お客様はお料理の味だけでお店を評価するのではありません。
品質・接客・清潔さというトータルの評価で、もう一度来店するかどうかを決めるのです。
QSCの中身を見ていきましょう。
品質とは
・お料理の美味しさ
・盛付
・温度
・レシピの厳守
サービスとは
・挨拶
・笑顔
・言葉使い
・身だしなみ
清潔さとは
常に磨かれている状態のこと。
・ファサード
・ウィンドウ
・テーブルとイス
・トイレ
など、ここに記載したのは、各項目の一部です。
それらを、決まり事として、ルール化したものを「QSC」といいます。
ルール化しなければ、実行する人によって、仕上がりの状態が異なります。
例えば、
➀調理する人によって商品の味が変わる
➁スタッフによって、身だしなみが異なる
➂いつ・どこを・どのように掃除するかは、各人によって違う
レシピ(品質)やルール(サービス)、マニュアル(クリンリネス)等によってルール化し、チェックする体制が整えば、下記のように変わります。
➀レシピ通りに調理することにより誰が作っても同じ味
➁身だしなみルールにより好感が持てる身なりの統一
➂ポジションごとにマニュアル化された清掃内容
※清掃のあるべき姿は、オープン時の姿
QSCの項目には、
➀レシピ通りの調理ができているか?
➁身だしなみのルールは守られているか?
➂〇〇の清掃は実行されているか?
という項目を作成し評価します。
ココがポイント
管理するには基準が必要
QSCの各項目には基準である、「あるべき姿」が必要です。
あるべき姿を全員が理解していることが前提であり、基準と比べることによりチェック(評価)することができるのです。
上記の内容から、
QSCは全て、お客様の為に従業員がすること。
だと理解できたと思います。
QSCに含める内容を全員で考える
アルバイトを含む全スタッフでQSCの内容を考えることにより、自分たちがお客様のため、さらには自分たちのためにつくり上げたという意識が芽生え、やらされている感がなくなります。

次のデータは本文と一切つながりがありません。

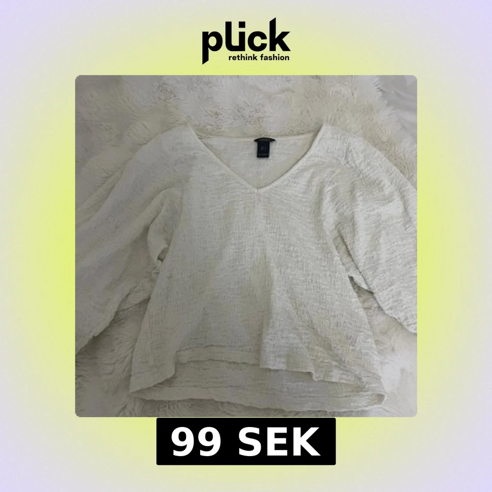 Säljer en vit blus från Lindex i storlek S. Blusen har v-ringning, lång puffärm och är gjord i ett krinklat, strukturerat tyg som ger en cool och avslappnad känsla. Perfekt att styla med jeans eller kjol för en trendig look.

新しく入ってきたスタッフには、なぜQSCを実行しなければならないのかという目的を教えてあげることにより、QSCをつくりあげたスタッフ同様のレベルで実行してくれるようになります。
また、作成したQSCは年に二回は見直しを実施しましょう。
本当に必要なのか必要でないのか、時代に合っているのか合っていないのか、その項目は、デイリー、ウィークリー、マンスリーの実施でいのか、新しく項目に入れるものはないか等を新しく入ってきたスタッフも含めて作り上げてみてください。
QSCを作るとき、まずは各項目の案出しとして、
お店のホールとキッチンに、ホワイトボードを活用して下記のように項目だけを記載し、従業員全員で思いついたときに記入するようにしてみましょう。

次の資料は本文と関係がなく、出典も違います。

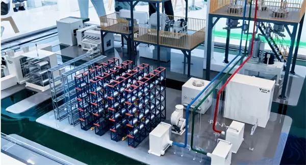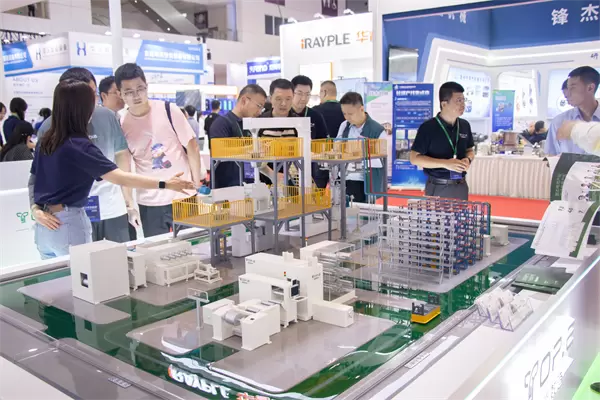 展台上,高能数造精心打造的干法电极中示线产线沙盘堪称吸睛神器。完整复刻从原材料自动化称量供应,到电极膜成型复合收卷的全流程设备布局与衔接方式。当参观者俯身观察,能清晰看到纤维化物料特殊储存转运系统如何运作,预混、纤维化等工序设备怎样高效协同。众多参观者纷纷赞叹“高能数造在工艺设计上展现的技术优势令人佩服!” 沙盘不仅是技术的可视化呈现,更彰显了高能数造对行业发展趋势的精准预判,以及在推动干法电极技术产业化应用上的坚定决心。

QSCは店長や社員だけが実施するものではなく、アルバイトも含めたスタッフ全員で行うものです。案出しの段階でアルバイトも含めれば、店長や社員が気づかなかった内容が出る場合もあります。
また、作成して実行するときに、案を出したアルバイト自身の取り組みも前向きなものになります。
案出しがある程度終わったら、どれを項目にいれるかを決める必要があります。
その時に注意することは、出された案を否定しないこと。
店長や社員は飲食店の運営について専門的な知識や能力がありますが、アルバイトにはあなたのような専門的な知識や能力はありません。
突拍子もない案が出されていることもあるかもしれません。
しかし、お店のためを思って出してくれた案に違いはないのです。その思いをもって案をだしてくれたスタッフに感謝で接しましょう。
多くの案を整理するのが難しければ「ブレインストーミング」という方法を用いるのもいいでしょう。
QSC管理表を作成する
そうして出た内容を店長がまとめてQSC管理表として新たに作成します。
下記はエクセルで作成したQSC管理表の例です。
QSC管理表について
それぞれの項目についての評価は、できたか、できていないかでの評価が望ましいと思います。
したがって、できていればその項目に「〇」
できていなければ「☓」
「☓」の項目にはなぜできていないのかの内容を記載して、直ぐにやり直しを実行してください。
いつ実行するのか
品質はお料理を作るとき、サービスは接客をするときです。
清潔の内容については、いつするかを決めておく項目も出てくるはずです。
例えば、テーブルや椅子、ウィンドウの拭き掃除はオープン前。
エアコンは週に一回の営業終了後
トイレは一時間ごとや、ピーク終了後など。
各項目をデイリー・ウイークリー・マンスリーに分け、さらに実施時間を予め計画として決めておきましょう。
ココがポイント
「クリーン・アズ・ユーゴー」とは、
クリンリネスとは大掃除的な意味ではありません。いつでも、どこでも、どんな状態でも維持されている必要があります。クリーン・アズ・ユーゴーとは、行く先々で、どんどん綺麗にしていこう!と言う意味です。ごみが落ちていたらすぐに拾う。汚れていたらすぐに拭く。こういう行動がクリーン・アズ・ユーゴーです。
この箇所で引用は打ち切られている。